Dataset content —
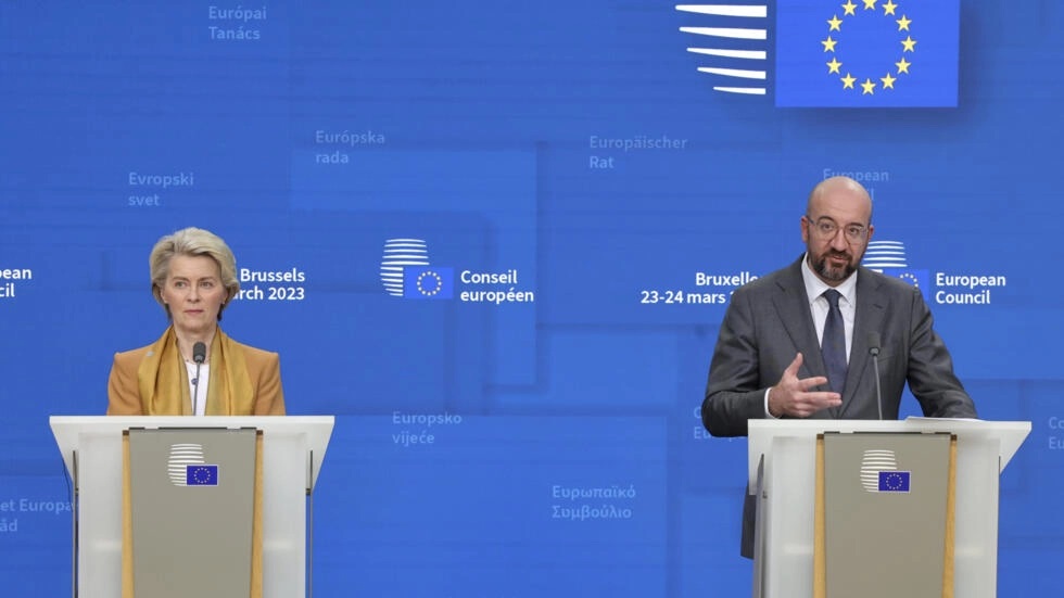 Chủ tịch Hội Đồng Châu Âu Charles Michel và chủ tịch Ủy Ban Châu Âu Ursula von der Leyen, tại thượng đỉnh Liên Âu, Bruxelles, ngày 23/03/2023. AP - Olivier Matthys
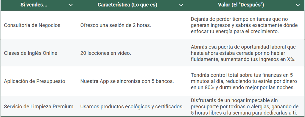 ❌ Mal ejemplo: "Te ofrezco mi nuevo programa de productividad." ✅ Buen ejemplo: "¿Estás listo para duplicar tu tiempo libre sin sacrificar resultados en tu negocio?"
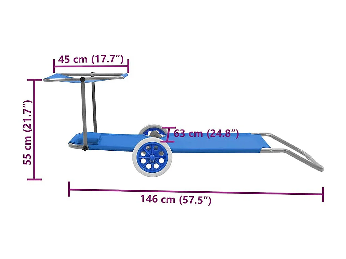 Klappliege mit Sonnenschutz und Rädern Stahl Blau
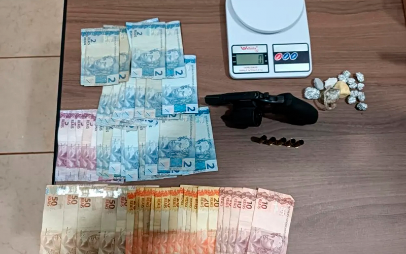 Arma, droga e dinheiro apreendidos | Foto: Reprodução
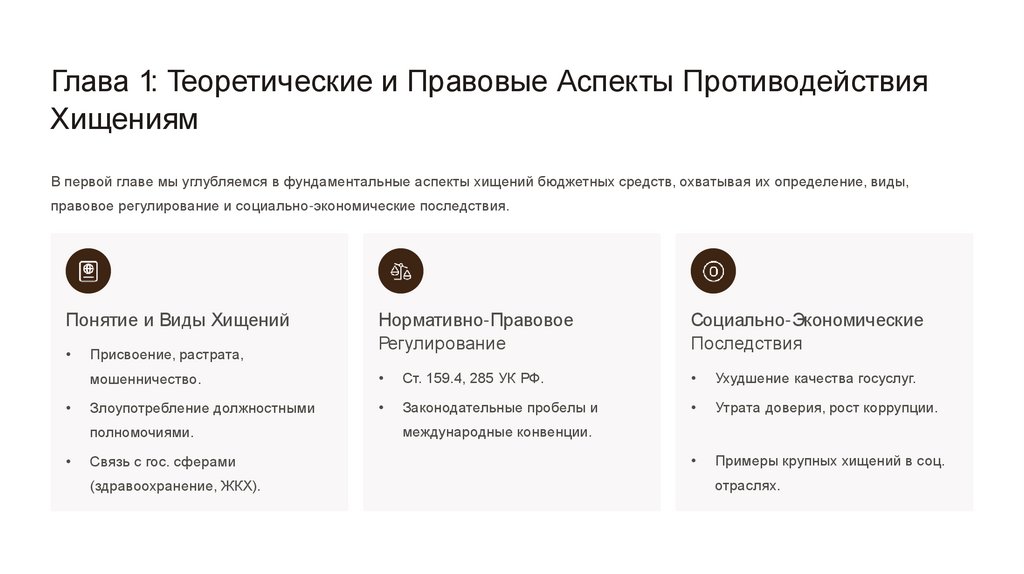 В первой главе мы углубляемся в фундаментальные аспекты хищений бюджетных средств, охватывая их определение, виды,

Your objective — All of the entries above should be duplicated exactly, except for the pictures.

Exercise output —
 Chủ tịch Hội Đồng Châu Âu Charles Michel và chủ tịch Ủy Ban Châu Âu Ursula von der Leyen, tại thượng đỉnh Liên Âu, Bruxelles, ngày 23/03/2023. AP - Olivier Matthys
 ❌ Mal ejemplo: "Te ofrezco mi nuevo programa de productividad." ✅ Buen ejemplo: "¿Estás listo para duplicar tu tiempo libre sin sacrificar resultados en tu negocio?"
 Klappliege mit Sonnenschutz und Rädern Stahl Blau
 Arma, droga e dinheiro apreendidos | Foto: Reprodução
 В первой главе мы углубляемся в фундаментальные аспекты хищений бюджетных средств, охватывая их определение, виды,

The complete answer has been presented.